Credible Trickery.

Martin Richer

 

It is interesting how people react to authoritative sources who confirm their pet beliefs versus authoritative sources who contradict those beliefs. The former is embraced, the latter damned, usually without the slightest actual investigation or scrutiny of what either is saying. This works for both believer and skeptic, of course, and each party can exhibit it in one instance but not another, but I have no trouble declaring that it is grossly more prevalent among the blind belief folks. The scientific method, practiced casually or -ahem -religiously by the skeptical thinker takes him much much closer to a reason-based rather than emotion-based conclusion.

   Some people think it's wrong to hoax ufo reports and photo's, others see it as a neat little unofficial social experiment, hardly stringent enough to qualify as truly 'scientific'. I do these things as an experiment to test a hypothesis derived from an observation, in this case, the observation that a lot of people accept things as true based on the perceived credibility of the source, rather than on any discovered veracity within the thing stated or claimed. I can't state the hypothesis before hand because it taints the experiment obviously, and so, it might seem like a willy-nilly tossing out of a lie. 

   This observation is an enormous part of all things UFO and paranormal, such as we see in the trust simply awarded by many believers without question to perceived 'trustworthy' witnesses like police and military pilots, as if anyone working one of these two occupations is somehow immune from dishonesty, error, or hoax. No wonder so much horseshit passes right into ufological canon -anyone who claims a title or degree is lent credibility without scrutiny.

   I was not born a skeptic, to only then spend my life shoe-horning various claims, like those in ufology and the paranormal, down the naysaying black hole of blind disbelief. On the subject of UFOs, the closer I look at what is presented as supportive evidence, the more it falls apart, and after awhile doubts arise, and after a few decades, scientific scrupulosity gives way to full born skepticism. Skepticism is not a position, it is a process, and like it or not, it works damn fine. Application of the process to ufological claims has only served to grossly weaken those claims. Pointing this out angers some people. Having no cogent, sensible response which isn't itself readily destructed frustrates those people. Against will, pet beliefs are doubted, and for prompting that process in a believer, a skeptic can be demonized, hated, reviled. He becomes a blasphemer, a pagan at the altar. Assumptions are piled on -he must be unhappy, depressed. He must be a control freak. Nobody enjoys being brought to doubt cherished beliefs. Unable to dispel the message, they shoot the messenger. 

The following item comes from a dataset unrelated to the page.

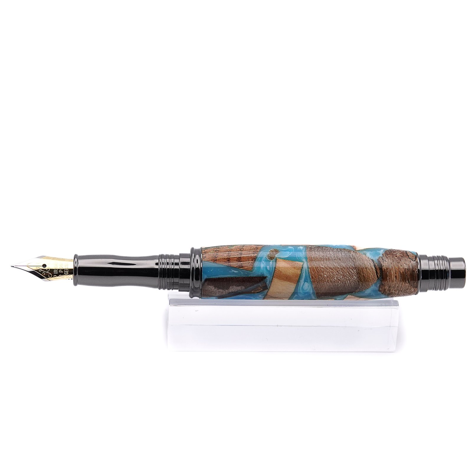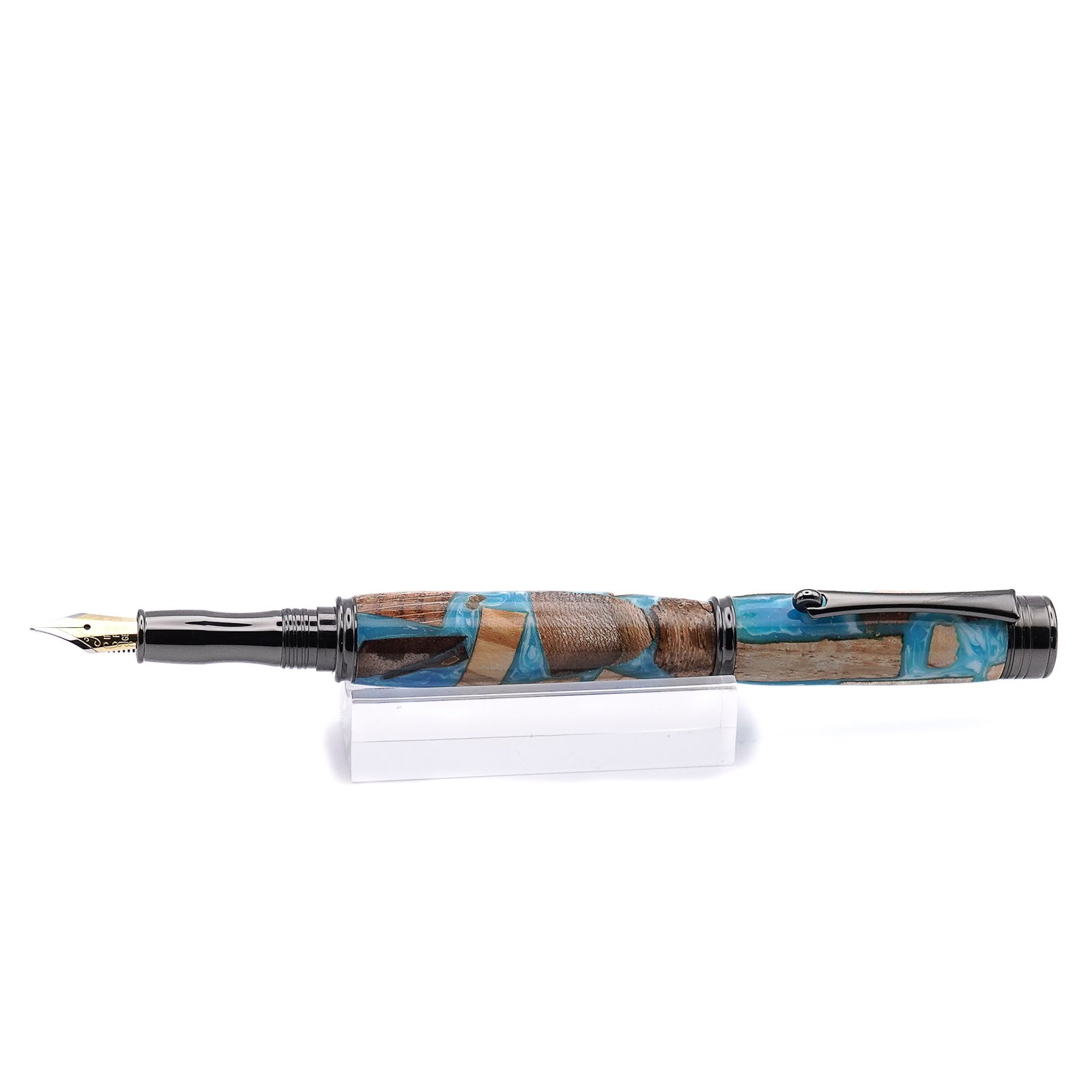 A great addition to the “Driftwood Collection”.  This lovely Fountain Pen is NOT made from driftwood but has been constructed from wood offcuts in blue and white resin with Gun Metal Fittings to give the effect of wood floating in the sea. Each pen is unique, nicely balanced and a pleasure to use.

   Believers have no shyness in sharing how stupid or mindless or full of it or worthless or deceitful they feel skeptics, debunkers, and/or scientists are, in general or individually, but if that were true, why then all the spite and malice? If this were true, indifference would be the reaction, even pity. No, such deeply felt negative hateful emotions are not born of any certainty that we skeptics are wrong -it is born of the covert fear that we are right, and that the valued pet beliefs really are based on nothing. This is a very human process, and a very human reaction -and the source of much mayhem throughout history. For a researcher, ufology can be a useful microcosm of this social dynamic.